Perhaps we’re submissive to God but we carry a “you wouldn’t understand” attitude into our relationships with others. Are we aloof when others tell us of their troubles that can seem insignificant to the daily challenges we’re faced with? This is a form of self-righteousness. We can think we’ve attained a higher level of godliness simply because we’ve gone through hard things. The truth is, suffering doesn’t make us better people. God’s grace is what changes us, and usually He does that through hard suffering roads. So again, the credit goes back to Him. To Jesus. Not us. Do others see Jesus in us? Or do they just see people full of themselves?

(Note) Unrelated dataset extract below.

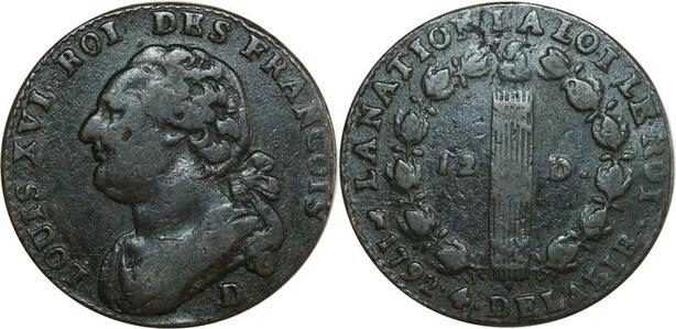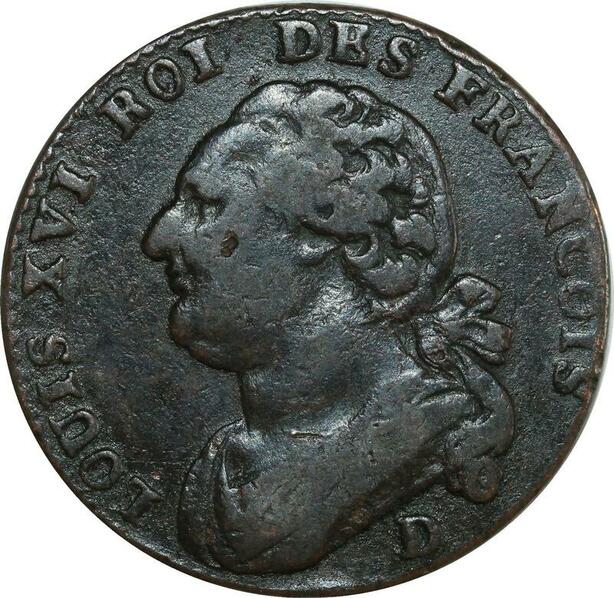 O8349 Rare France Constitution 2 Sols Louis XVI François An 4 1792 D Lyon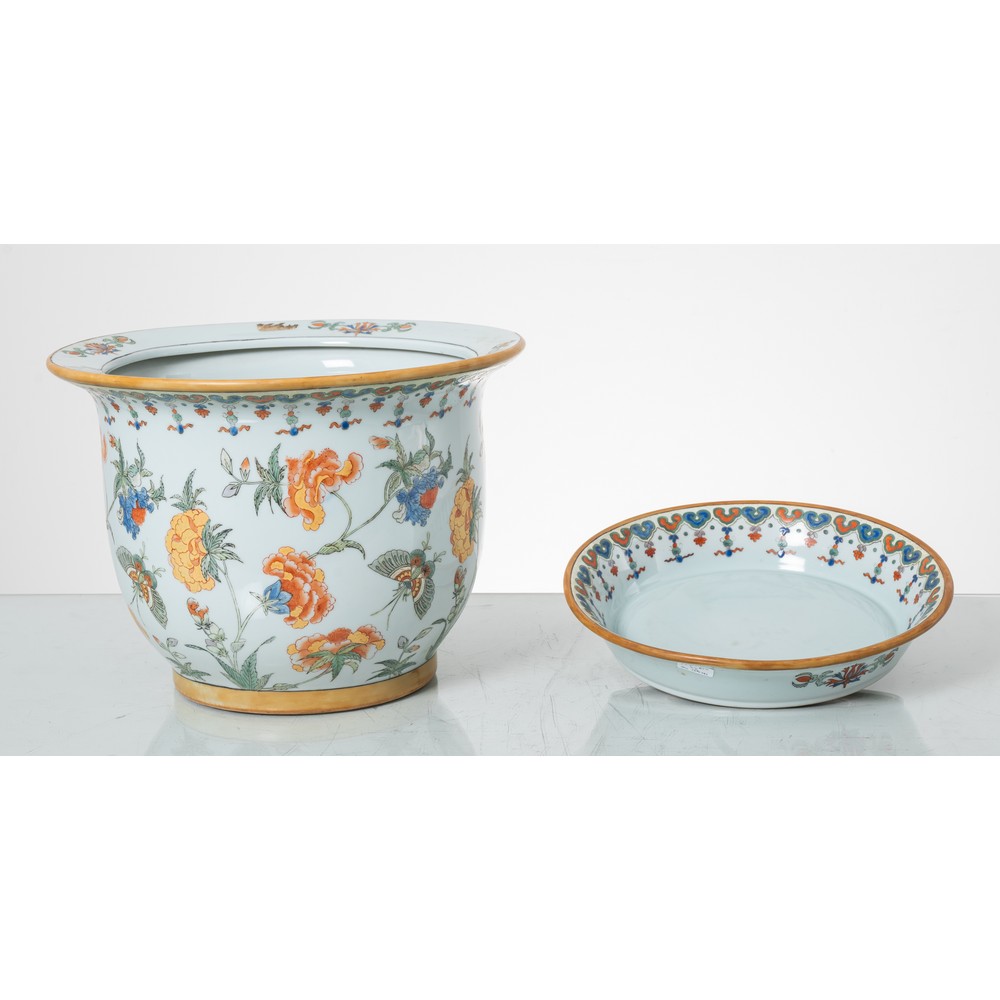 PORTAPIANTE con sottovaso in porcellana decorata.

It’s not that God doesn’t care about us or that He asks us to stoically go through hard roads without a thought for ourselves. He just wants us to see ourselves in Jesus, that is where our value and righteousness lies. Not standing on our own two feet but desperately clinging to the Savior, carried by His righteousness and His provision. He wants us to understand that we are hopelessly and desperately lost without Him–our own feet too shaky, sinful and unsteady to walk this path. He wants to see Jesus in us. The words of God from 1 Peter 1:6-8 tell us:
In this you rejoice, though now for a little while, if necessary, you have been grieved by various trials, so that the tested genuineness of your faith—more precious than gold that perishes though it is tested by fire—may be found to result in praise and glory and honor at the revelation of Jesus Christ. Though you have not seen him, you love him. Though you do not now see him, you believe in him and rejoice with joy that is inexpressible and filled with glory.
He invites us to come and lay our self-righteousness at the foot of the cross. To confess our sins and put our trust in Jesus, who is Righteousness personified, the only one who can cleanse us from our sins.